--- INPUT RECORDS Enclosed Below ---

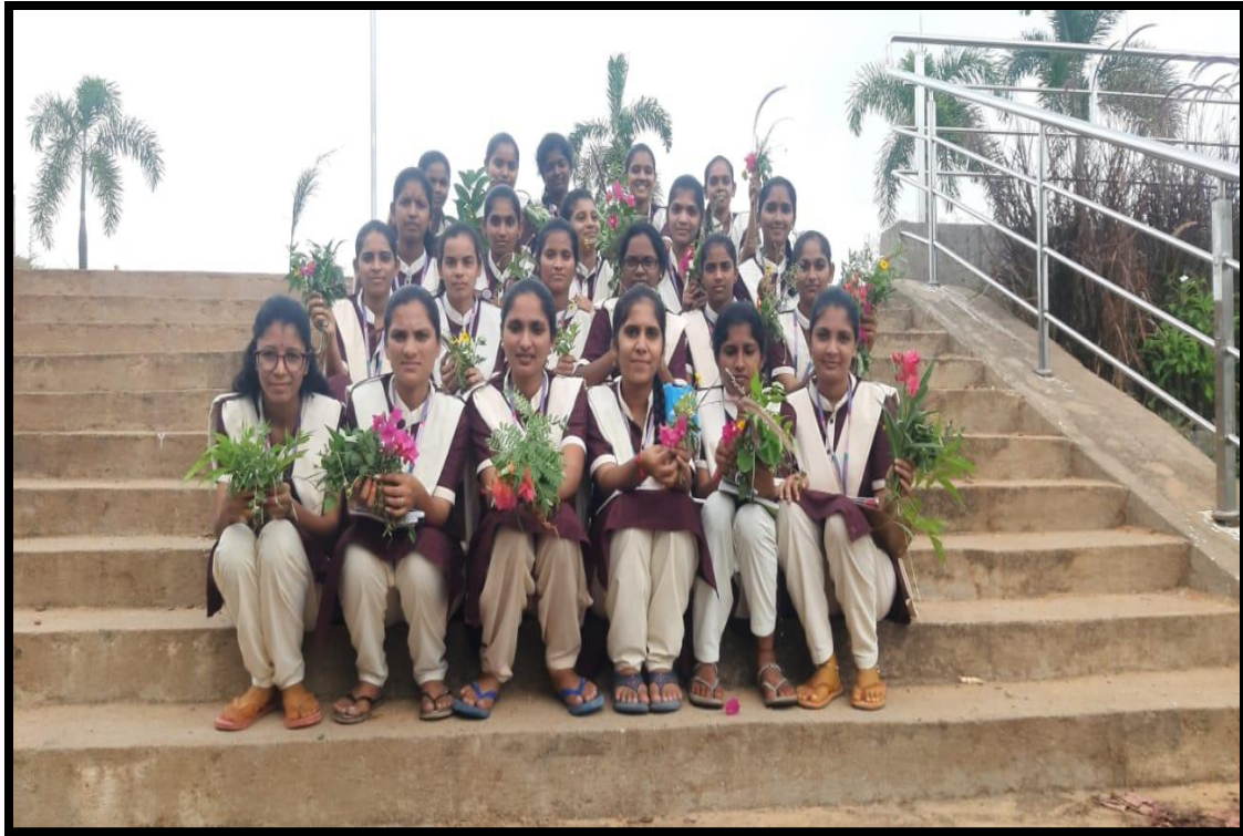
Field trip for Specimen Collection for Herbarium
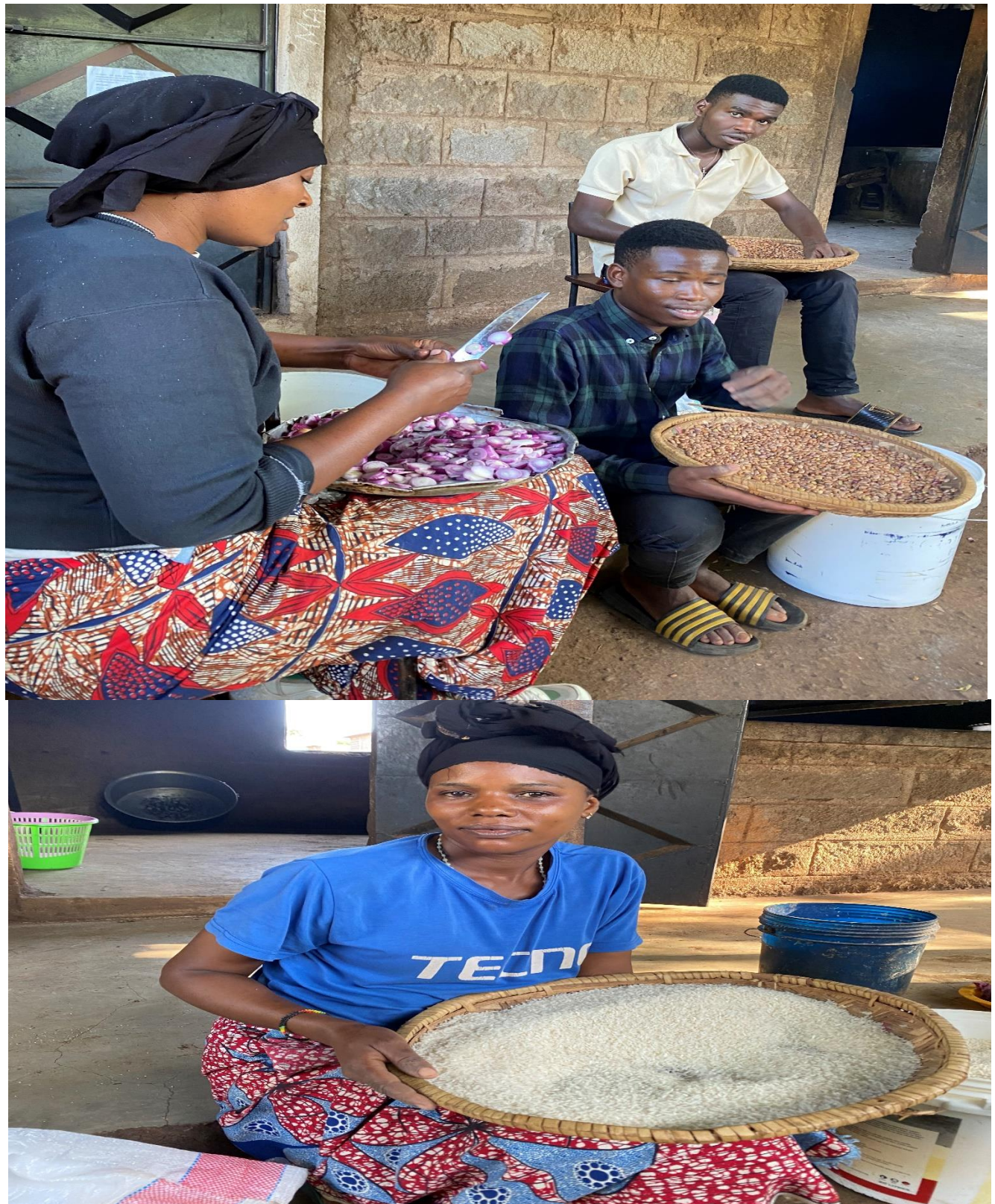
Bright school cooks
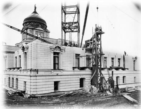
Capitol building construction (1910)

The 1894 Capital Election pitted the Copper Kings, Marcus Daly and W.A. Clark, against each other.
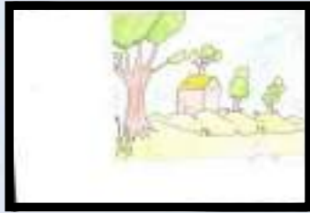
Mounika III - a2
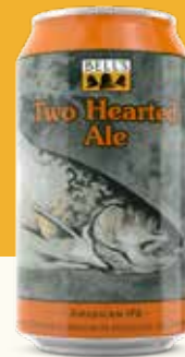
TWO HEARTED® ALE American IPA • 7.0% Grapefruit and pine aromas balanced out with medium bodied malt sweetness
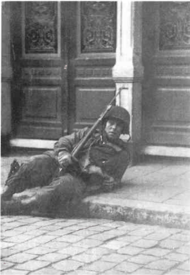
An American paratrooper of the 101st Airborne Division taking a break on Stratumseind, 18 September 1944.
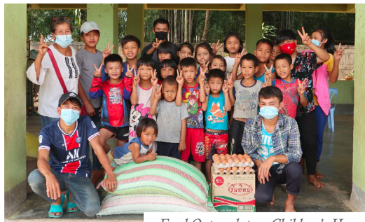
Food Outreach to a Children's Home

Design and printing donated by Image Printing, Inc. USA imageprinting.com
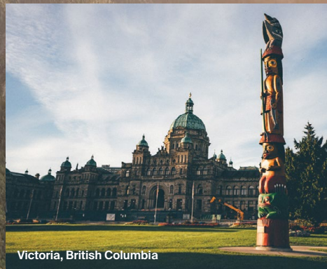
Victoria, British Columbia
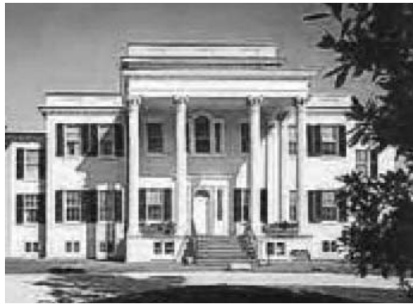
Oatlands Plantation House

Mark your calendars now, for another outstanding evening of entertainment, plus wonderful food and fellowship. On September 19, 2010 at 5:30 PM, the Friends of Thomas Balch Library, Inc. will host their annual Evening with History. This year's venue: Historic Oatlands Plantation near Leesburg. Come stroll the historic gardens, some still under restoration to their former glory at the time of the Carters and Eustis families. And learn more about the rich heritage and history of this area from a very special speaker.
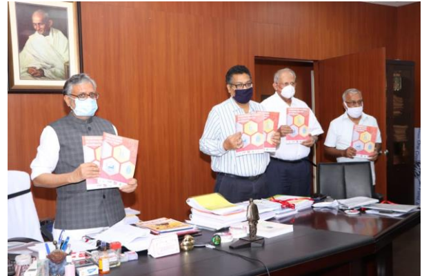
Launch of the GCAAP & MCAAP Reports September 23, 2020

The reports of 'Gaya and Muzaffarpur Clean Air Action Plan (GCAAP & MCAAP)' were launched on September 23, 2020 by Hon'ble Deputy Chief Minister of Bihar Shri Sushil Kumar Modi. The virtual launch programme was organized by the Centre for Environment Energy and Climate Change (CEECC) - ADRI. Along with launching of the reports, there was also a special lecture on air quality management in Bihar and a discussion on the implementation strategies, challenges and way forward on GCAAP and MCAAP in Bihar's context.
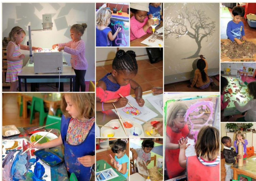
One Hundred Languages of Children in Little Saints
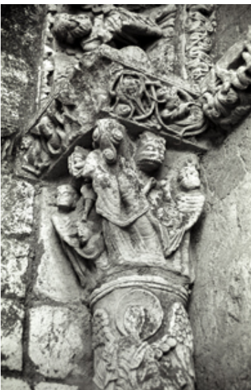
Capital at the base of the archivolt. Church of Santiago, Carrion de los Condes, Spain. (1984)
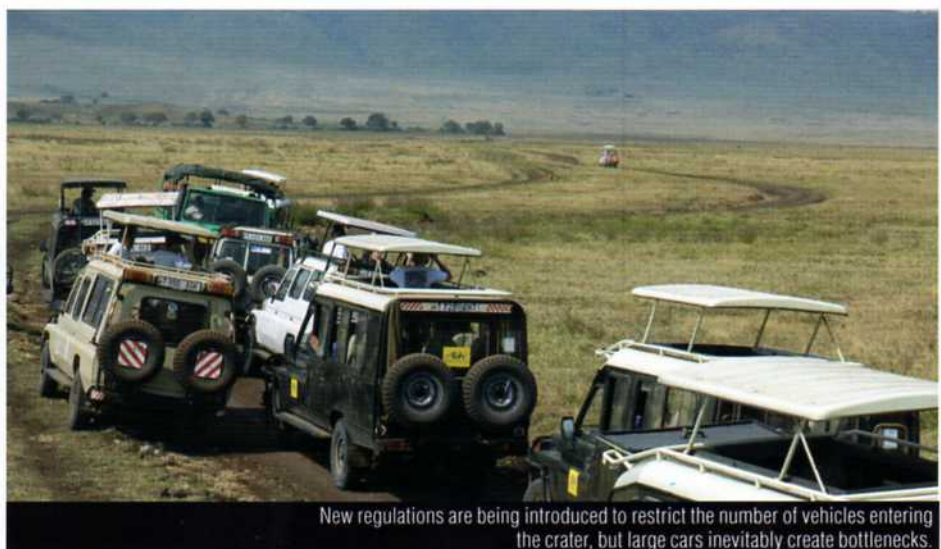
New regulations are being introduced to restrict the number of vehicles entering the crater, but large cars inevitably create bottlenecks.

co-exist in harmony – at least within a self-regulating system where neither man nor wildlife exerts excessive demands on the productive capacity of the natural environment. But as demand on the natural environment increases, so does the potential for conflict between development and conservation needs. Inevitably, the NCAA faces many challenges in its efforts to reconcile these needs. 'There were fewer than 8,000 Maasai living in the area when the NCA was created, but this had doubled by the time
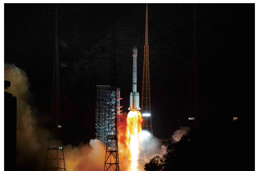
A Long March-3B carrier rocket carrying a new high-orbit internet-services satellite blasts off from the Xichang Satellite Launch Center in Sichuan Province yesterday. The satellite was launched at 9:14 p.m. aboard a Long March-3B carrier rocket and entered its preset orbit successfully. The launch marks the 529th flight mission of the Long March carrier rocket series.

"The humanoid robots will not only assist or replace humans in completing some tasks but also bring more emotional value," he said.
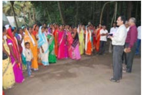
Left : Training on Dry land Fruit Plantation Under TSP to tribal Farmers of Surgana Right :Tribal women farmers Visit to KVK Farm
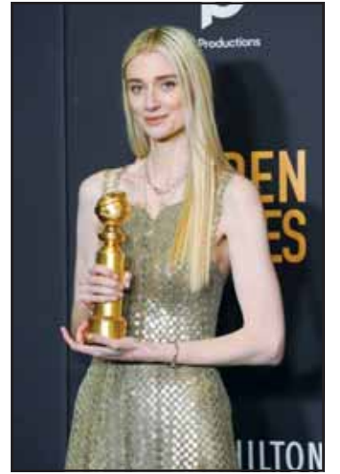
Elizabeth Debicki with her award for best supporting actor in a television series for 'The Crown.'

--- End of Enclosed INPUT RECORDS ---

TASK STATEMENT: Copy each entry above exactly; drop the pictures.

FINISHED TASK:
Field trip for Specimen Collection for Herbarium
Bright school cooks
Capitol building construction (1910)

The 1894 Capital Election pitted the Copper Kings, Marcus Daly and W.A. Clark, against each other.
Mounika III - a2
TWO HEARTED® ALE American IPA • 7.0% Grapefruit and pine aromas balanced out with medium bodied malt sweetness
An American paratrooper of the 101st Airborne Division taking a break on Stratumseind, 18 September 1944.
Food Outreach to a Children's Home

Design and printing donated by Image Printing, Inc. USA imageprinting.com
Victoria, British Columbia
Oatlands Plantation House

Mark your calendars now, for another outstanding evening of entertainment, plus wonderful food and fellowship. On September 19, 2010 at 5:30 PM, the Friends of Thomas Balch Library, Inc. will host their annual Evening with History. This year's venue: Historic Oatlands Plantation near Leesburg. Come stroll the historic gardens, some still under restoration to their former glory at the time of the Carters and Eustis families. And learn more about the rich heritage and history of this area from a very special speaker.
Launch of the GCAAP & MCAAP Reports September 23, 2020

The reports of 'Gaya and Muzaffarpur Clean Air Action Plan (GCAAP & MCAAP)' were launched on September 23, 2020 by Hon'ble Deputy Chief Minister of Bihar Shri Sushil Kumar Modi. The virtual launch programme was organized by the Centre for Environment Energy and Climate Change (CEECC) - ADRI. Along with launching of the reports, there was also a special lecture on air quality management in Bihar and a discussion on the implementation strategies, challenges and way forward on GCAAP and MCAAP in Bihar's context.
One Hundred Languages of Children in Little Saints
Capital at the base of the archivolt. Church of Santiago, Carrion de los Condes, Spain. (1984)
New regulations are being introduced to restrict the number of vehicles entering the crater, but large cars inevitably create bottlenecks.

co-exist in harmony – at least within a self-regulating system where neither man nor wildlife exerts excessive demands on the productive capacity of the natural environment. But as demand on the natural environment increases, so does the potential for conflict between development and conservation needs. Inevitably, the NCAA faces many challenges in its efforts to reconcile these needs. 'There were fewer than 8,000 Maasai living in the area when the NCA was created, but this had doubled by the time
A Long March-3B carrier rocket carrying a new high-orbit internet-services satellite blasts off from the Xichang Satellite Launch Center in Sichuan Province yesterday. The satellite was launched at 9:14 p.m. aboard a Long March-3B carrier rocket and entered its preset orbit successfully. The launch marks the 529th flight mission of the Long March carrier rocket series.

"The humanoid robots will not only assist or replace humans in completing some tasks but also bring more emotional value," he said.
Left : Training on Dry land Fruit Plantation Under TSP to tribal Farmers of Surgana Right :Tribal women farmers Visit to KVK Farm
Elizabeth Debicki with her award for best supporting actor in a television series for 'The Crown.'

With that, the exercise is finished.